W programie Polsatu „Interwencja” tłumaczył z kolei, że „Dobro i zło” ma stanowić swego rodzaju pokutę i zadośćuczynienie:
Co miesiąc przeznaczę 1000 chlebów świętego Antoniego, żeby móc je rozdawać biednym. Będziemy pomagali ludziom, którzy są w potrzebie. Dobrem odpłacać za ewentualne czyny, których ludzie żałują. Tak jak ja żałuję bardzo za słowa, które wypowiedziałem.
„Słowa, które wypowiedziałem” odnoszą się do nagrania, które Karolina Piasecka opublikowała w sieci i do, których Piasecki nie może się nie przyznać.

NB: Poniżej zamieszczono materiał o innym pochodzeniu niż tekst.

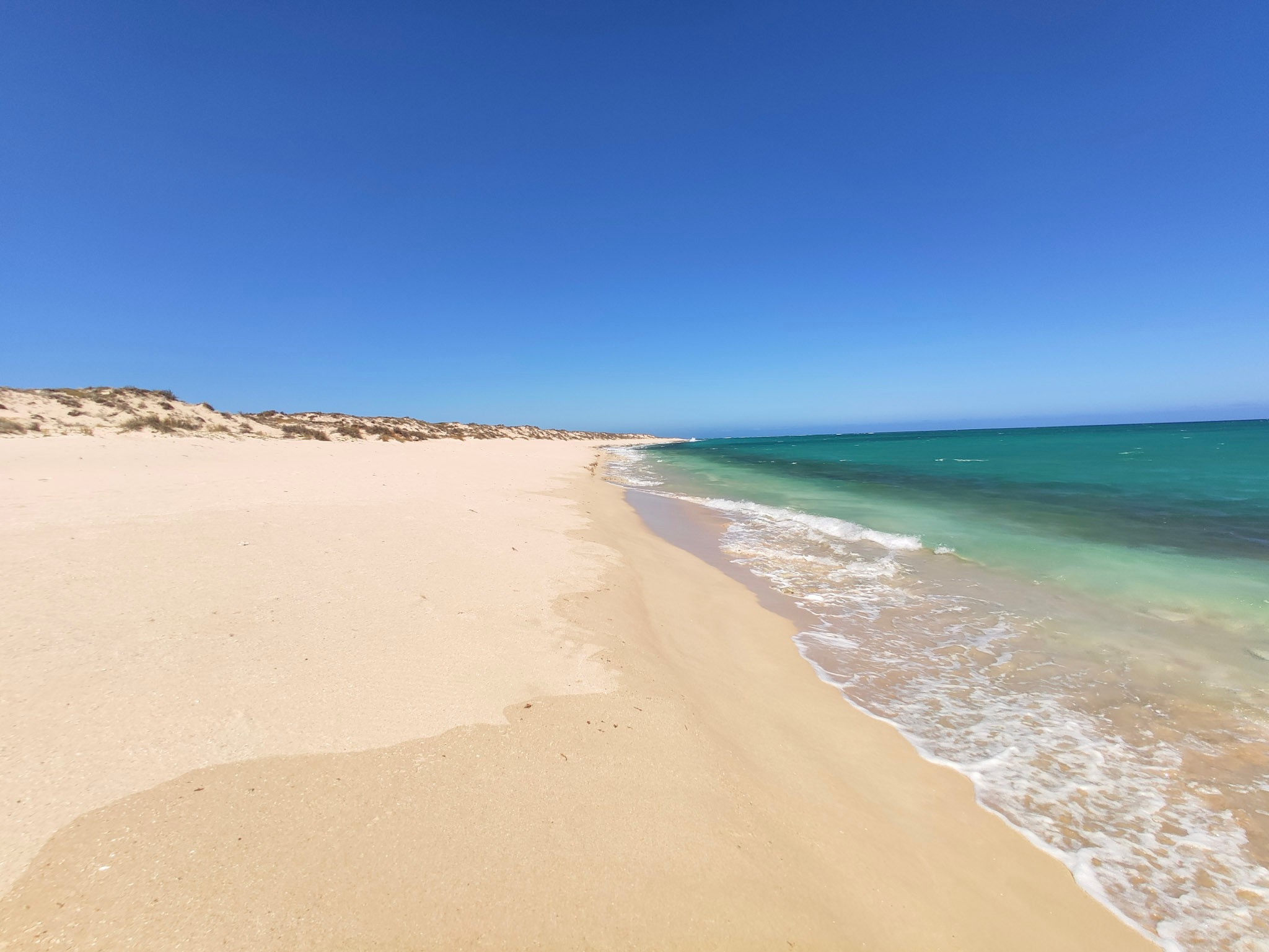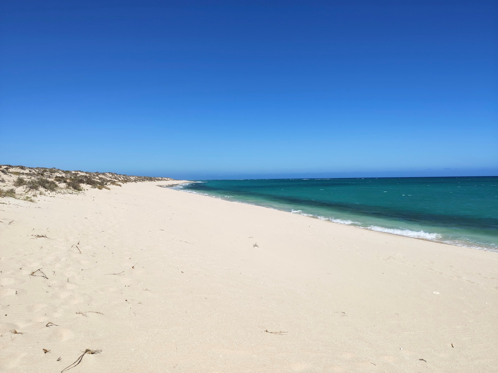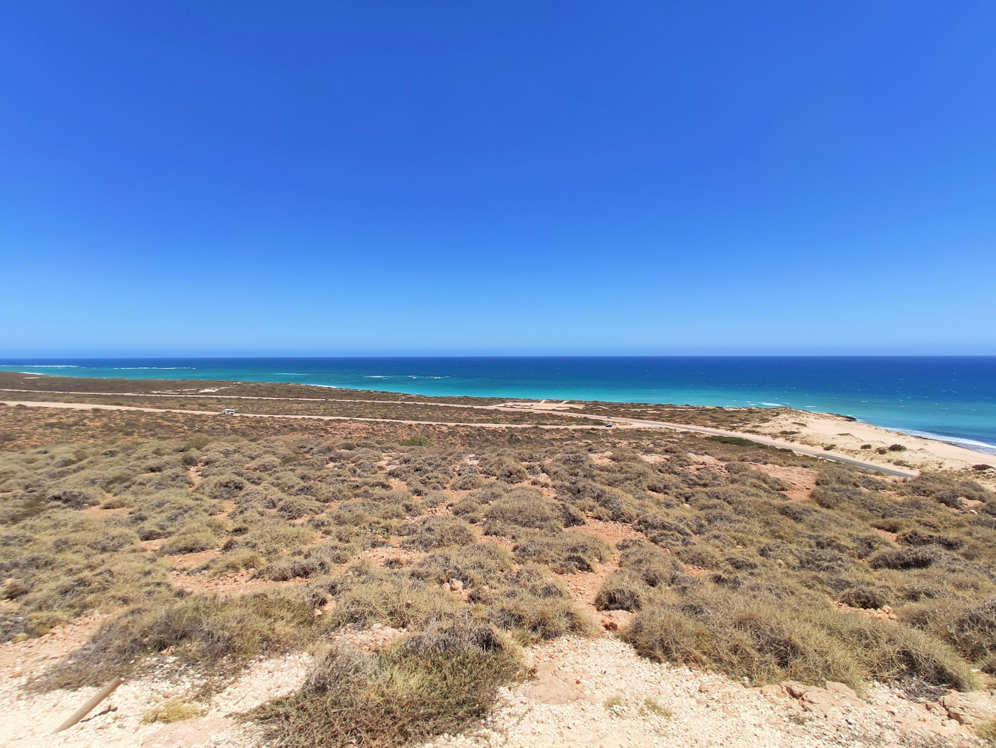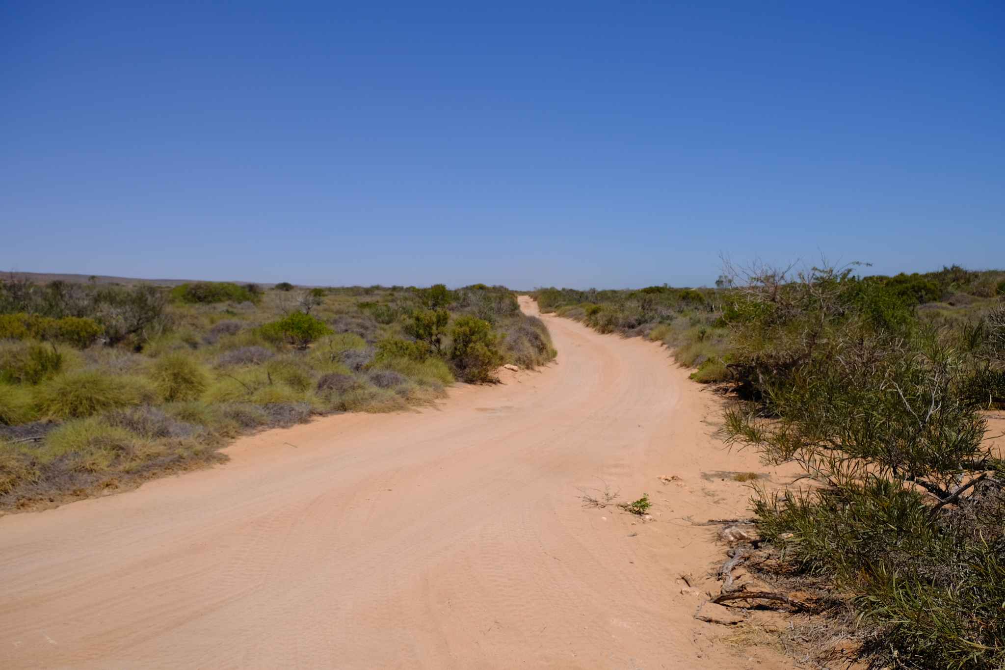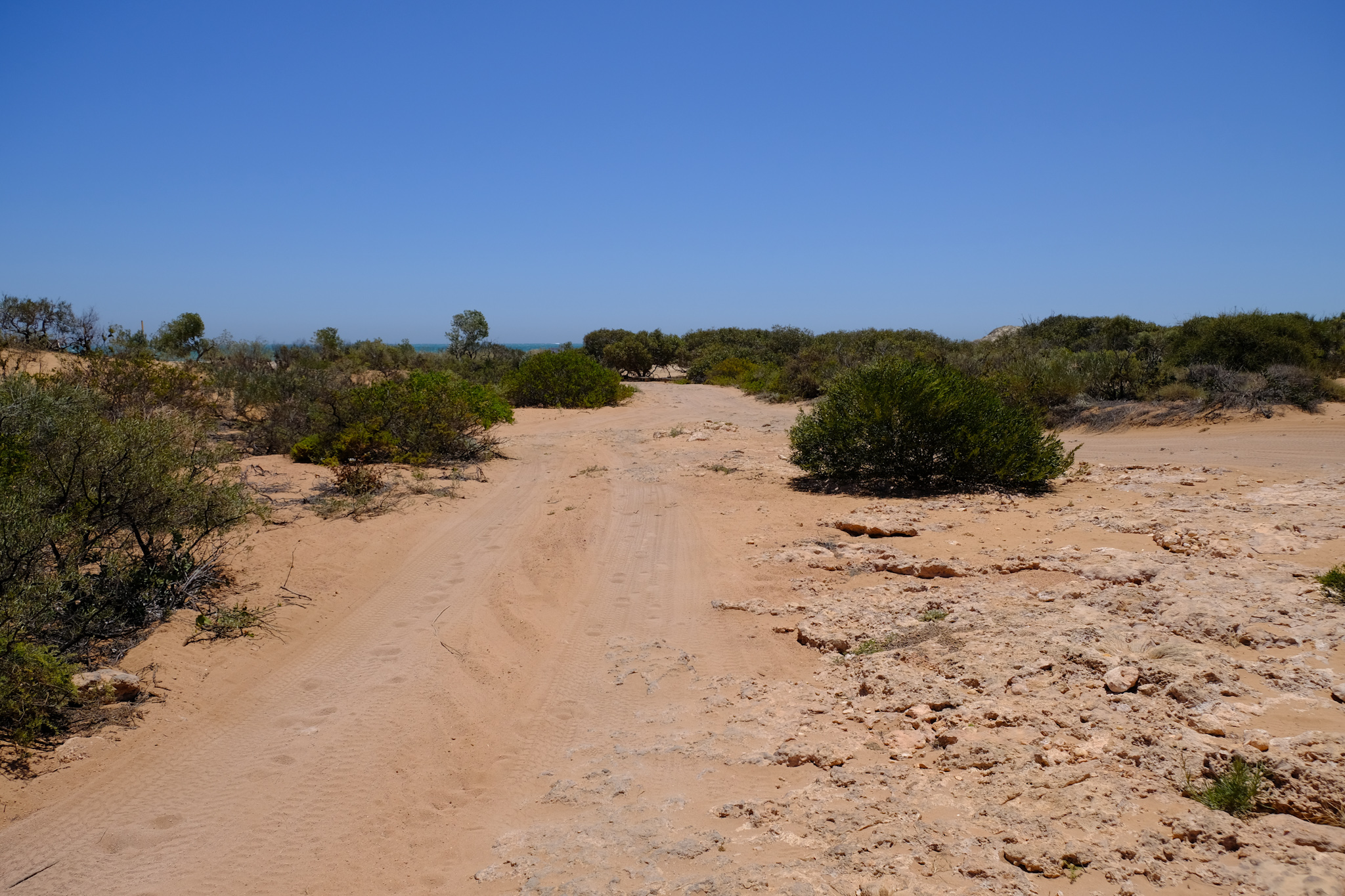 Den Creek Übergang zum Track nach Ningaloo Station (58km) und dann nach Coral Bay (50km) habe ich nach der Yardie Tour inspiziert: Er besteht über etwa 50m aus sehr tiefem Sand. Das wäre wohl mit viel Luft raus lassen (und neuen Vorderreifen) machbar. Die Single Track Road nach Ningaloo Station ist dann nicht mehr so anspruchsvoll.

Przypomnijmy. Krzyczał na nich m.in.: „Nie piszcz, k…, bo cię zaje…! Zabiję cię”. Stanowczo jednak zaprzecza, że katował żonę. A za to co się działo w nagraniu obwinia… alkohol i środki odurzające, które podrzuciła mu małżonka. „Nagranie nie odzwierciedla mojej osobowości, nie byłem sobą”.
Piasecki znęcający się nad żoną to nie wyjątek. W Polsce można wszystko, byle w domu?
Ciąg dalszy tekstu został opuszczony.